There's always potential to tap water, just want to point out that you may get the Ward report and still be in the same position of diluting water & adding salts if it comes back with high alkalinity or an ion unusually high for brewing. Or not like the previous poster. I wish my tap water had an alkalinity <350ppm CaCO3.

Buying RO water will add about 10% extra cost to the beer, but doing it vs brewing blindly with tap water could jeaprodize the other 90% of the cost invested in ingredients. I also agree that brewing larger volumes makes buying RO water at a store harder but probably not the case for a first-time all-grain brew.

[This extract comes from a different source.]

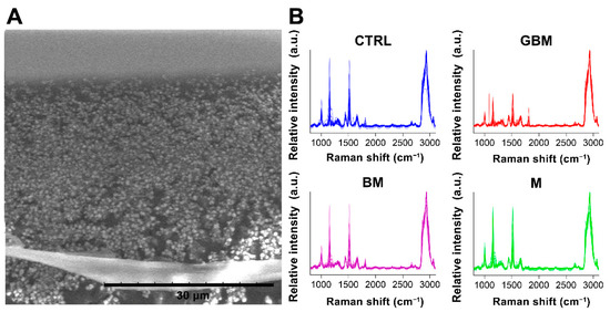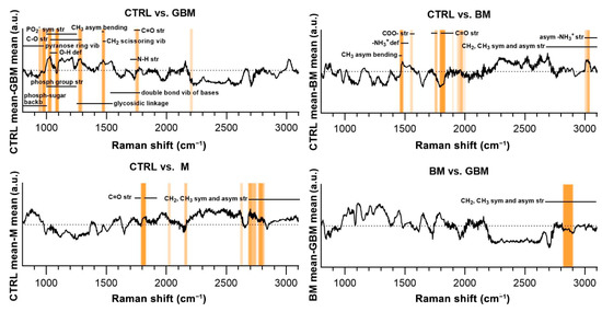 Regarding the CTRL vs. BM comparison, the wavenumbers found to have an important role in distinguishing the BM group from the control mainly correlated with lipids (CH3 asymmetrical bending (1470–1490 cm−1), CH2 and CH3 symmetrical and asymmetrical stretching vibrations (2700–3100 cm−1)) and amino acids (–NH3+ deformation band (1485–1150 cm−1), –NH3+ asymmetrical stretching (3000–3100 cm−1), carboxylate ion stretching (1560–1600 cm−1) and C=O stretching vibrations of the carboxyl group (1700–1755 cm−1)). Regarding the CTRL vs. M and BM vs. GBM comparisons, the wavenumbers highly correlated with vibrations originating from acyl chains of lipids, such as CH3 and CH2 symmetric and asymmetric stretching vibrations (2700–3100 cm−1) (see Table S1 for the tabular form of the discriminative spectral differences).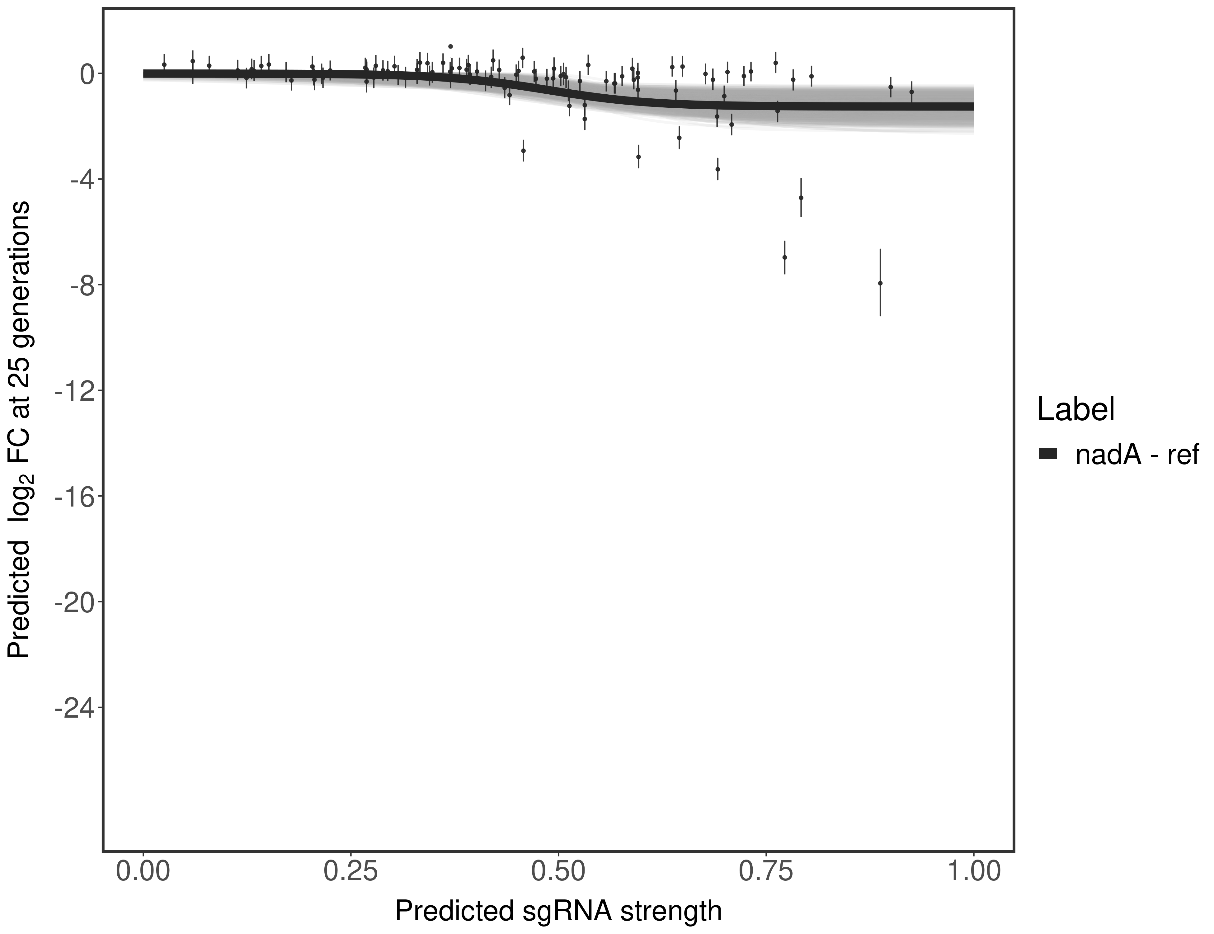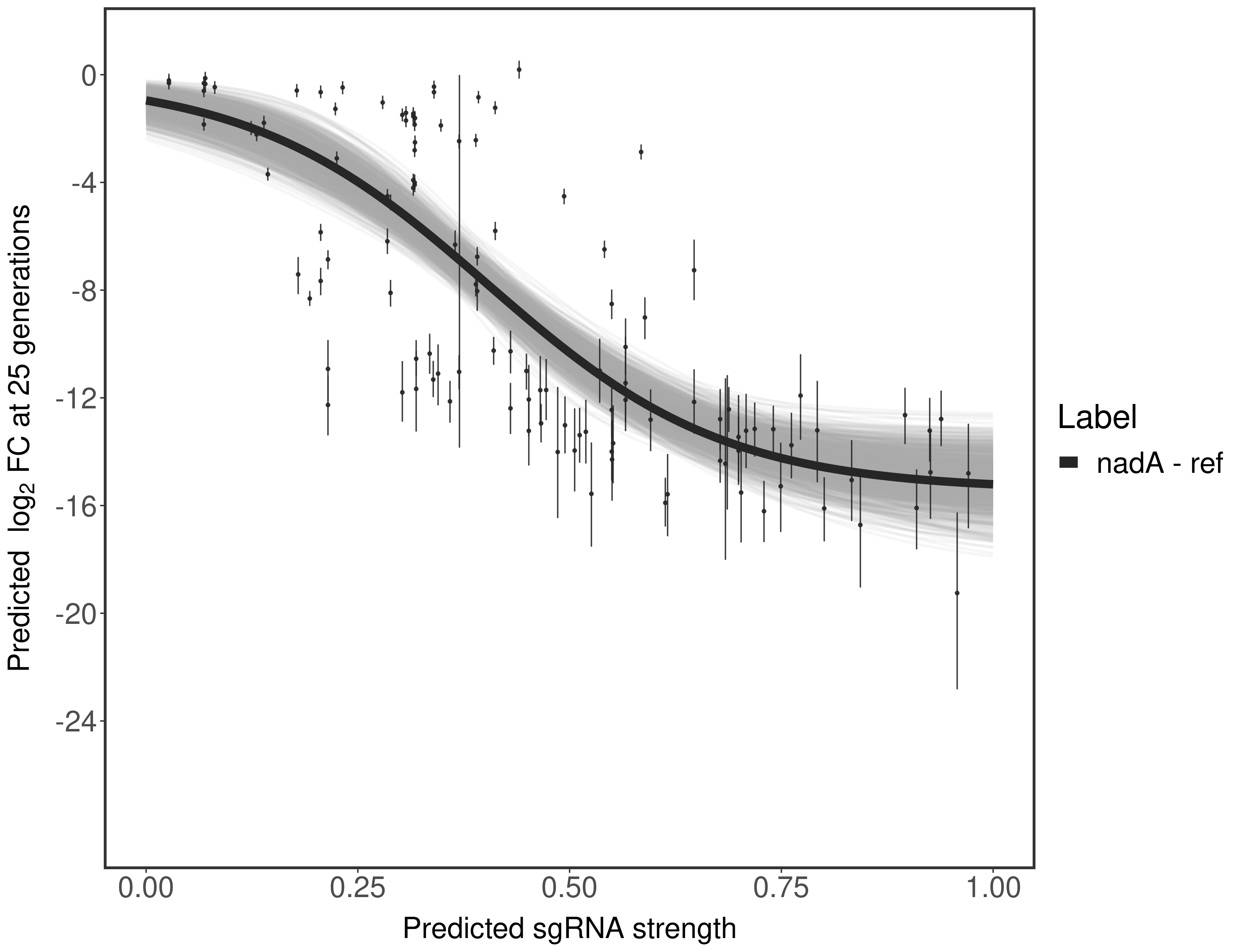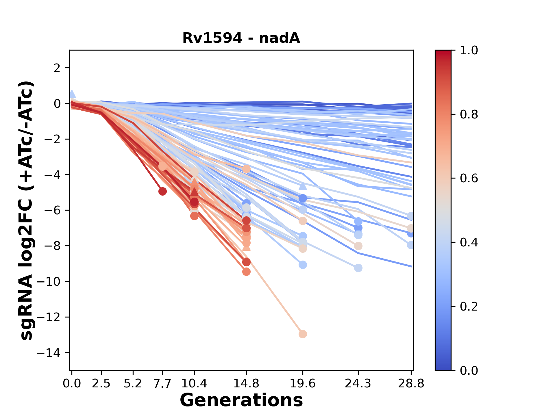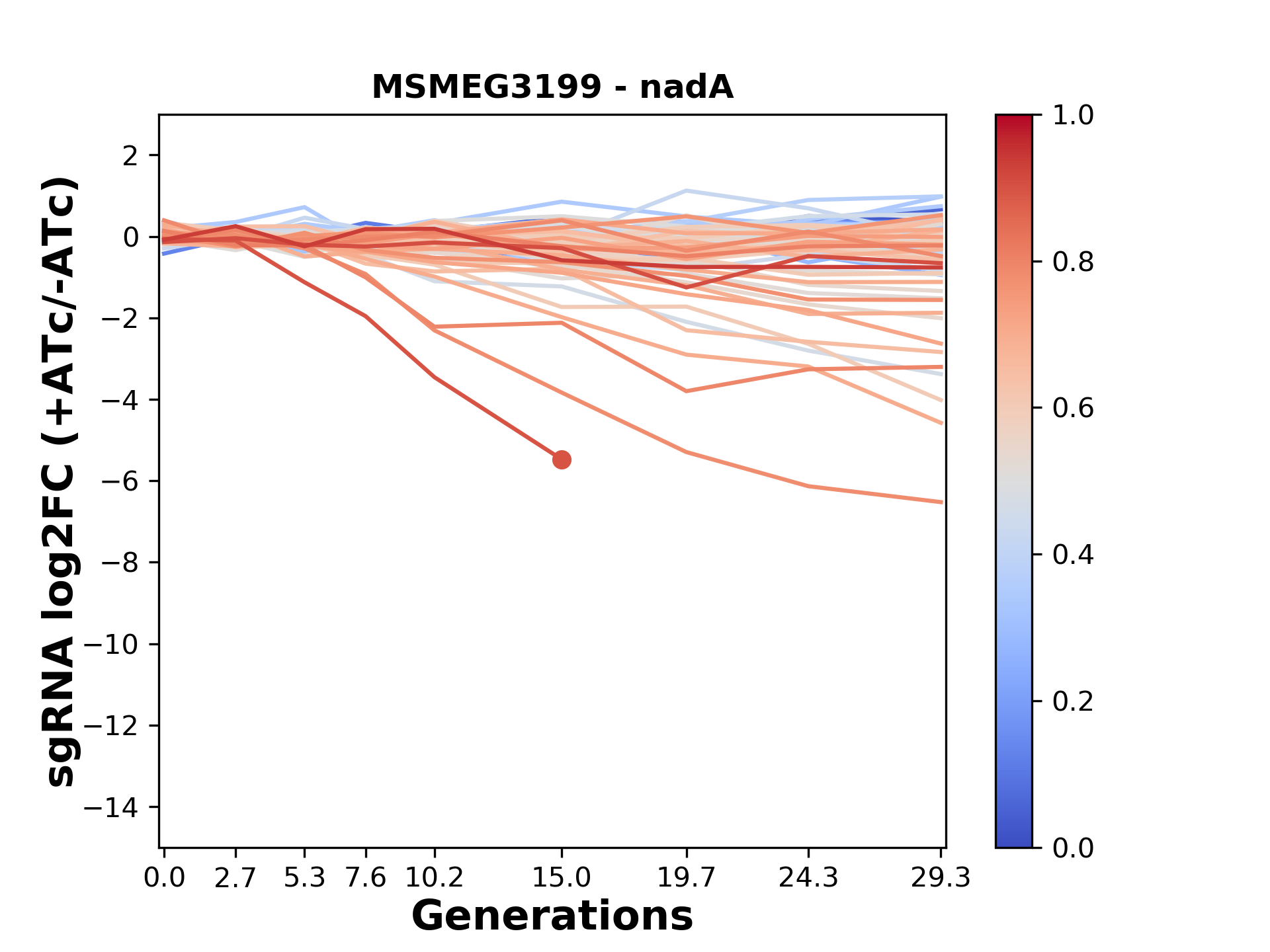 Here, we show sgRNA log2 fold-change values (L2FC) (plus versus minus ATc) over consecutive generations for sgRNAs targeting the gene you selected.

I also buy distilled water only for Starsan and reuse it for months, and spring water for yeast starters without any additions other than yeast nutrient. Those purchases last a long time.
 
My water is good drinking water. I use it as is for mashing and make great beer. I don't worry about water adjustments. Palmer said if it tastes good you can make good beer with it.
 
I have really hard water here in san antonio and it seems to make for decent homebrew.
 
I have really hard water here in san antonio and it seems to make for decent homebrew.


I also am in San Antonio. It makes a great stout as is, but for pales I dilute 75% with distilled water. I then build it back using gypsum, CaCl, Baking Soda, Epsom Salts and an 1 - 2 oz of Acid Malt.

I used EZ water spreadsheet to dial in the amounts for mash and sparge water.